Holy shit! I just returned last midnight from a week long hectic official tour. Needless to say no evening was spent without beer and very little sleep throughout the week. I was just tired. When I hit the bed last night, I had a plan to sleep 14 hours at a stretch, take lunch and hit the bed again.
For a moment I thought to give reply a naked "No". But the very next moment I decided to handle the issue bit politely, by virtue of being a social creature.

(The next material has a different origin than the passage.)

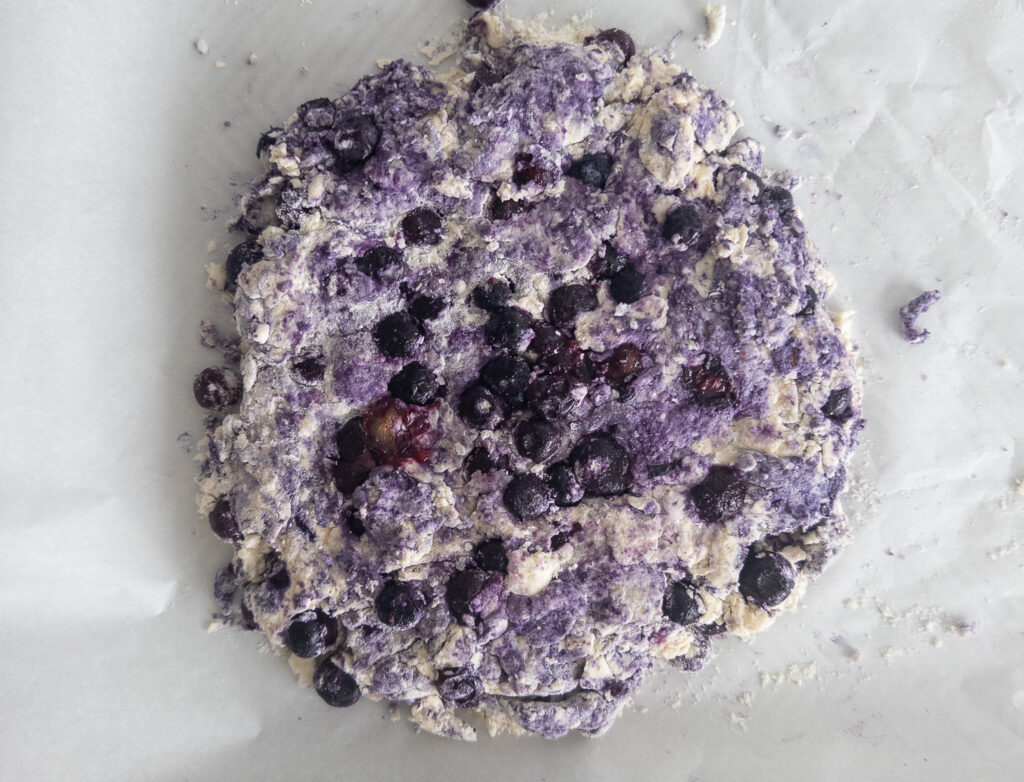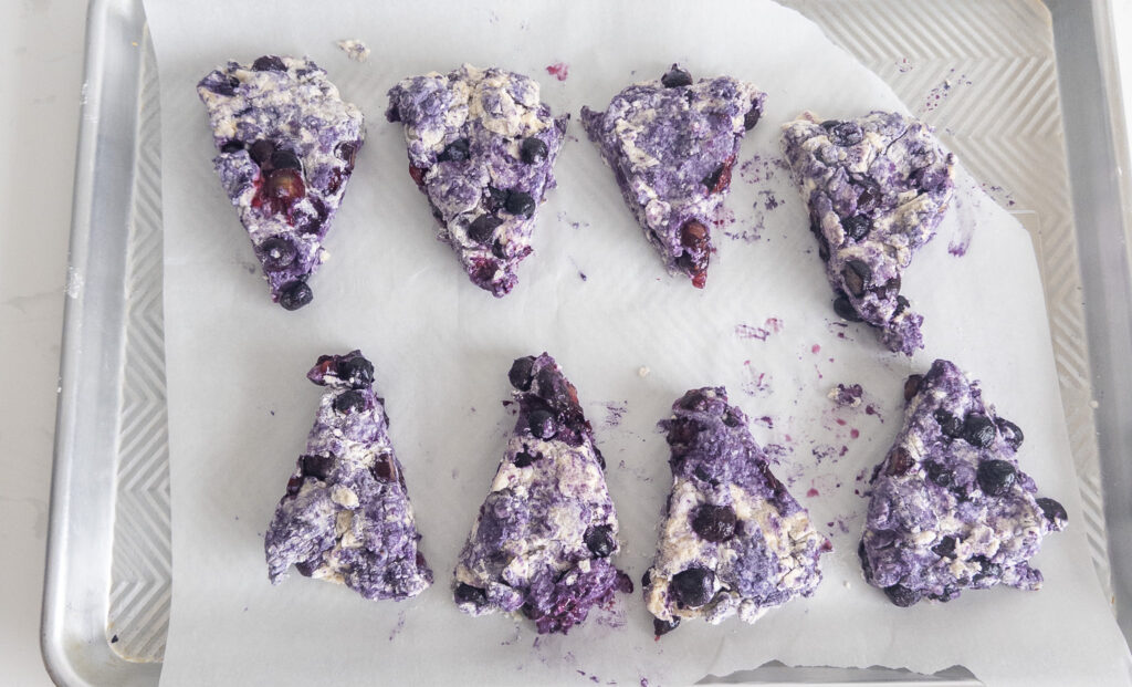 Turn the dough onto a lightly floured surface and shape it into a circle about 1-inch thick. Cut the circle into 8 wedges (like a pizza) and place them on the prepared baking sheet.

"Can't you make it tomorrow? Actually I'm very tired today."-was my polite submission to him ( I could have given an excuse of not being well very easily though!).
Jay almost shouted. "C'mmon, I'm in your town. This is saturday and you are making excuses! You are changed dude. Dost ko bhul gaya?"
What could I say more? Surrendering to the very expected banality of my friend cum ex-classmate, I agreed to have a luncheon with beer on the very same day. " Ok. Ok. No problem. Where are you staying? Where should we meet? Is MG Road fine for you? Then come to The Zodiac. Ok?"
"No Problem dear. I'll be there at 1pm in the afternoon", Jay replied.
" Ok. See you there", I sighed and hung on.
I hit the bed once again.
1 pm in the afternoon. We met and our beer session (with little food) started. From beer, it went on to more beer and to more and more beer till we got tired and stomach didn't permit to consume more. Needless to say, in this 4 hours session, our discussion was very much diversified. It revolved seamlessly from classroom to late night boozing to roof-top parties to ogling at skimpily dressed girls to kharush boss in office and beautiful receptioninst and so on.
Was I happy with this afternoon? The answer would be "definitely not". Though what hapened was refreshing for mind but it was equally tiring for body. "No problem, tommorrow is sunday and I would take rest for the whole day", I consoled myself.
Behaving like a host, I paid the bill, bade good-bye to my friend and took the cab to home. My bed was calling me.
Infact, after I reached home and embraced my bed, with it was drizzling outside and Jagjit Singh playing on, I didn't feel that bad. Probably the thought of next day a holiday felt me poised !
I fall asleep happily !
Next day, I woke up at 11 am with eyes still without a wish to see light. I had some bread and jam and lazily sat in my arm-chair with the newspaper. Though I was trying hard to concentrate on the newspaper, my mind was busy thinking whether I should prepare lunch or ask for a home delivery.
Well, I decided to prepare rice, dal and omelette. I was scared of outside spicey food.
By then, it stopped drizzling outside but the weather was just awesome. I concentrated on the news paper. 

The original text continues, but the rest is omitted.